The office was designed around the concept of a city, which is filled with diverse neighborhoods that all represent one unified entity. But like any visitor to a new city, we need a knowledgable tour guide to (virtually!) walk us through the space and give us a lay of the land, which is why we’re excited to have Christian Widlic, Group Creative Director at Wink, here for a chat. Christian shares more behind the makings of Intuit’s “cityscape,” the building’s current progress towards LEED® Gold Certification, and how companies can help its employees do the best work (spoiler alert: it’s not pizza parties).

Can you elaborate on the process of designing the office to mimic a city with different neighborhoods? What were the different team needs and work styles that you tried to address in each neighborhood?

Our design challenge with Intuit’s Atlanta office was really to combine the best parts of working from an office and your home, so the comfort, ease, and focus you get at home, combined with the collaboration, inspiration, energy, and spontaneous interaction you get from an office. We imagined this space as a lively cityscape that mirrors the vibrancy of a bustling city all inside one unified office. In a city, you can walk from neighborhood to neighborhood and experience completely different energies and visuals, while distinctly feeling you’re still in the city. This idea inspired how we’ve designed the office.

Intuit’s Atlanta office is spread across nine floors and is segmented into distinct “neighborhoods,” each a reflection of the various business departments that come together to form the Mailchimp “city.” The neighborhoods serve as designated zones for different teams (marketing, communications, IT, creative, etc.) and are designed to flexibly accommodate various work styles and team needs. Each neighborhood has a distinct look and feel, color scheme, furniture style, art program, and even storefronts [meeting rooms] inspired by our customers. This united but unique approach means the teams working within each neighborhood can personalize the space so they can focus on tasks at hand or problem solve together. The approach also helps with wayfinding and navigating a large space.

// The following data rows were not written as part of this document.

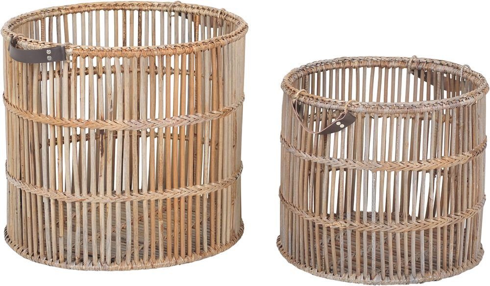 Sett med 2 prydlige sylinderformede kurver av gråkalket flettet bambus med skinnhåndtak.
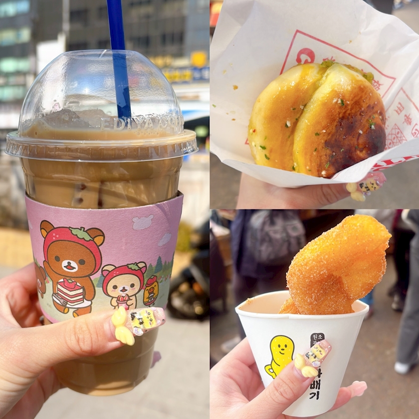 その後、広蔵市場でもち米ドーナツとガーリックパンを食べ歩きし、カフェオレをテイクアウトしてからホテルに帰宅🍩🥐☕️
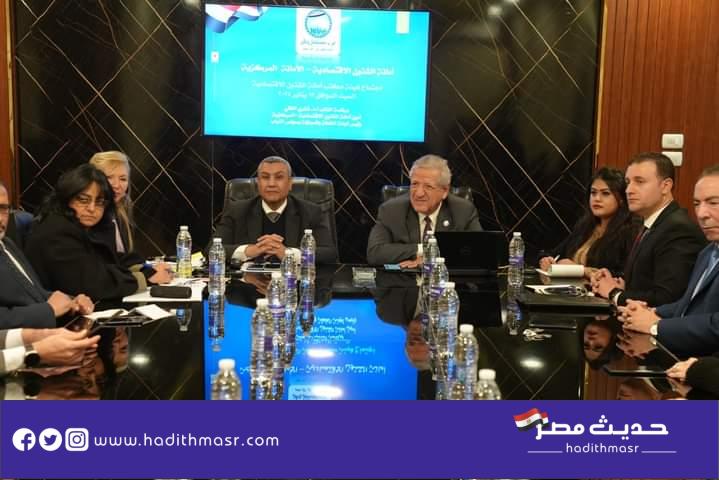 وخلال الاجتماع، ناقش الأمناء المساعدون وأعضاء هيئة مكتب أمانة الشئون الاقتصادية، أبرز ما جاء في وثيقة الدولة الاقتصادية وأبرز المشكلات التي تواجه الاقتصاد المصري خلال المرحلة الحالية ووضع حلول لهذه المشكلات وتأثير الأزمات الدائرة في منطقة الشرق الأوسط على الاقتصاد العالمي
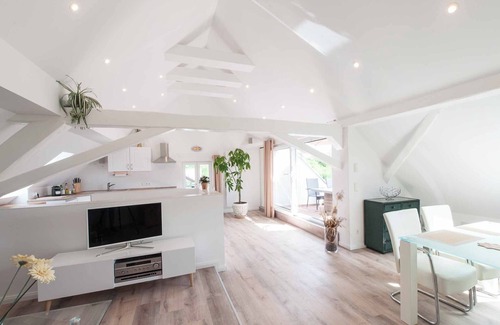 In a quiet and yet central location in Radolfzell on Lake Constance, only 100 m from the lake shore, the light-flooded holiday apartment "Haus Behr am See" enchants guests with its modern and high-quality design. The 120 m² apartment extends over 2 floors: The 3 separately accessible bedrooms with TV are, like the bathroom, on the first floor. The top floor above enchants you with a loggia with lake view and an open kitchen, dining and living area. The apartment can therefore accommodate 6 people and its amenities include Wi-Fi, fans and satellite-TV. On the two furnished balconies you can start the day with a delicious breakfast or round off mild summer evenings with a glass of wine. The lakeside promenade to the harbour and the historic old town are only a 2-minute walk away. A variety of restaurants, cafés, bars and shops await you there. Many popular excursion destinations such as Constance, the island Reichenau, the island Mainau, Stein am Rhein or Meersburg are within a radius of 10 to 20 km.
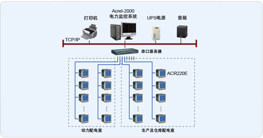 安科瑞電氣股份有限公司于2013年3月承接了杭州賽諾菲民生健康藥電力監(jiān)控系統(tǒng)項(xiàng)目。整個(gè)系統(tǒng)采用Acrel-2000型電力監(jiān)控系統(tǒng),完成了杭州賽諾菲民生健康藥業(yè)有限公司共有2個(gè)配電室(動(dòng)力中心配電室、生產(chǎn)廠房及倉(cāng)庫(kù)配電室)電力監(jiān)控。動(dòng)力中心配電室內(nèi)有2臺(tái)進(jìn)線柜、1臺(tái)母聯(lián)柜、4臺(tái)補(bǔ)償柜及24路普通饋線回路;生產(chǎn)及倉(cāng)庫(kù)配電室內(nèi)有2臺(tái)進(jìn)線柜、1臺(tái)母聯(lián)柜、4臺(tái)補(bǔ)償柜及43路普通饋線回路,整個(gè)監(jiān)控范圍為81個(gè)回路的電參量監(jiān)測(cè),每個(gè)回路均采用安科瑞ACR220E型多功能儀表。網(wǎng)絡(luò)儀表均采用RS485接口和MODBUS-RTU通訊協(xié)議,RS485采用屏蔽線傳輸,上傳至監(jiān)控主機(jī)。

The color palette of each floor is even inspired by different neighborhoods in our home, Atlanta.

And just like a city, there are a bunch of unique places to explore and get inspired: libraries, maker spaces, rooftops, hidden bars (rooted in our history, we designed and built a custom Tiki Room), town square, coffee shops, wellness rooms, and more. Specifically for the creative team, there’s a state-of-the-art media production space equipped with a cyc wall for photography and filmmaking, and recording areas for podcasting – all to support Mailchimp Presents content development and other content created by Wink. For the IT team, there’s a TechKnow Bar, similar to a Genius Bar, where they can directly and easily interact with employees who need in-person tech support.

Tiki Room

Maker space

We love that the extensive art program features murals commissioned by artists and Intuit customers. Could you share some insights into the selection process for these artworks and how they were integrated into the office design to inspire creativity and collaboration among employees?

Going back to our design challenge, we wanted the entire office to feel like an elevated home while inspiring creativity and innovation. We commissioned 270 works of art, curated into 9 different art movements ranging from minimalism to surrealism – one for each floor. We have a rich office history of art and murals, and it was important to us to keep the Intuit Mailchimp spirit present on our walls in an elevated way without using our logo everywhere.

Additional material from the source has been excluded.